## Supplied records
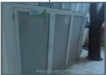
Foto 4. Cuarto de Almacenamiento
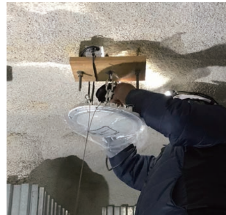
簡単に取付け可能
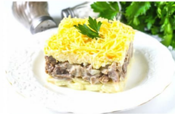
Салат "С курицей и черносливом" 400руб(180гр)
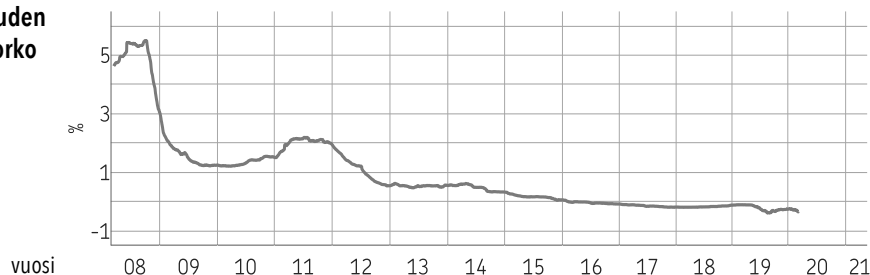
12 kuukauden euribor-korko

3. Korkotehtävä. Alla on esitetty euribor-koron kehitys 2008 - 2019. Tarkastele kuvaajaa ja vastaa alla oleviin kysymyksiin.
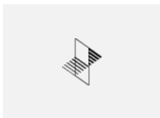
145-20700, B Wandhalter (2 Stk) Lina45
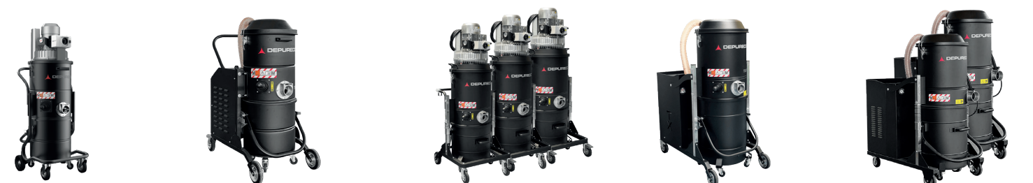
TB 22 TB UP M ECOBULL M/T/PLUS SERIE TX FOX 5,5/7,5 MINI AIR
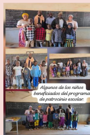
Algunos de los niños beneficiados del programa de patrocinio escolar.
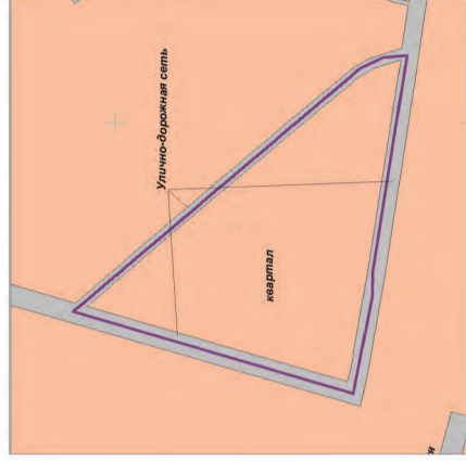
Схема расположения элементов планировочной структуры Масштаб 1:4000
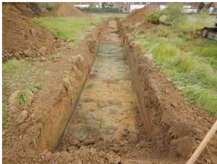
DSCN5108.JPG - Spoornummer(s): / - Inventarisnummer(s): / - Structuur: / - Zone/Werkput/Kijkvenster/Vlak: /4//
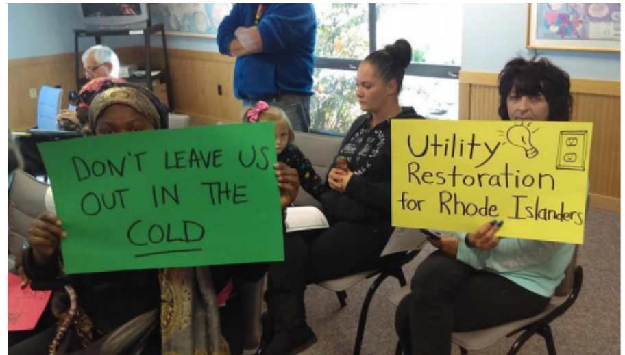
Dentro de una audiencia de GWC de Propuesta de Regulación Restauradora en el PUC (comisión de utilidades públicas), Warwick
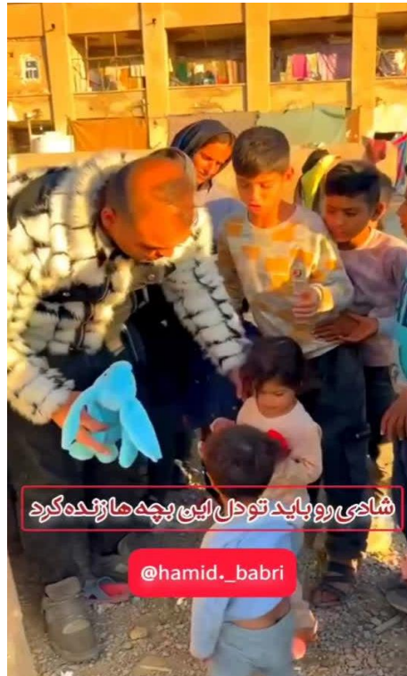
تصویر ۲. اهدای عروسک به کودکان مناطق کم‌برخوردار

اخلاقی همچون انسان مهربان، دغدغه‌مند و نیکوکار می‌شوند.
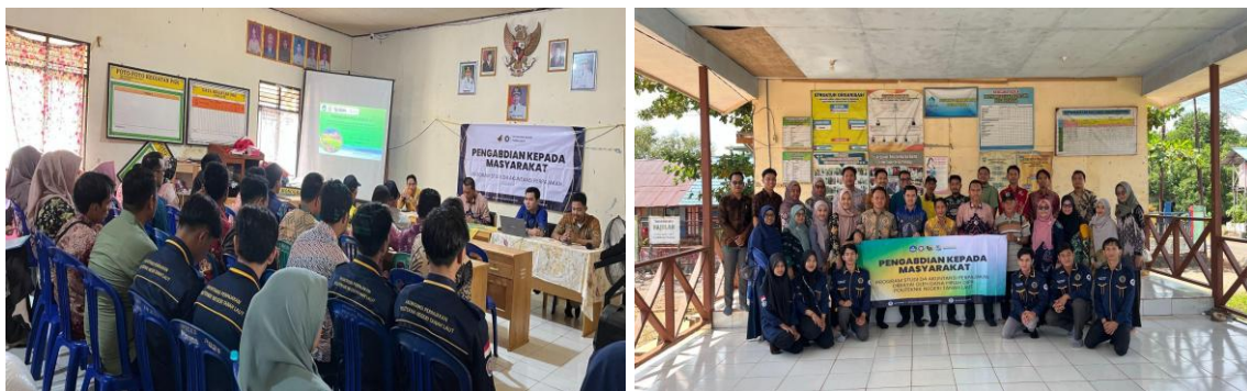
Gambar 7. Dokumentasi kegiatan bersama peserta dan tim pengabdian kepada masyarakat

Dengan adanya diskusi ini, maka peserta diarahkan untuk mampu menganalisis jenis transaksi dan mengaplikasikannya pada coretax sehingga meminimalkan kesalahan dalam pemotongan dan pemungutan PPh 23 di Desa Pemuda. Secara teoritis, pendampingan melalui kegiatan asistensi ini dapat menjadi media pembelajaran sosial yang baik dalam rangka meningkatkan pengetahuan, keterampilan dan skill aparatur desa Pemuda KNPI. Hal ini juga sejalan dengan penelitian Devita & Ismail, (2025). Hasil tersebut menunjukkan bahwa pelatihan coretax memberikan dampak positif terhadap peningkatan kapasitas administrasi perpajakan perangkat desa. Metode pelatihan berbasis praktik langsung yang diterapkan menunjukkan peningkatan yang sangat efektif untuk mempercepat pemahaman aparatur desa.

## Task instructions
Look through the material and find each line that includes "euribor", then copy it.

## Exercise result
12 kuukauden euribor-korko
3. Korkotehtävä. Alla on esitetty euribor-koron kehitys 2008 - 2019. Tarkastele kuvaajaa ja vastaa alla oleviin kysymyksiin.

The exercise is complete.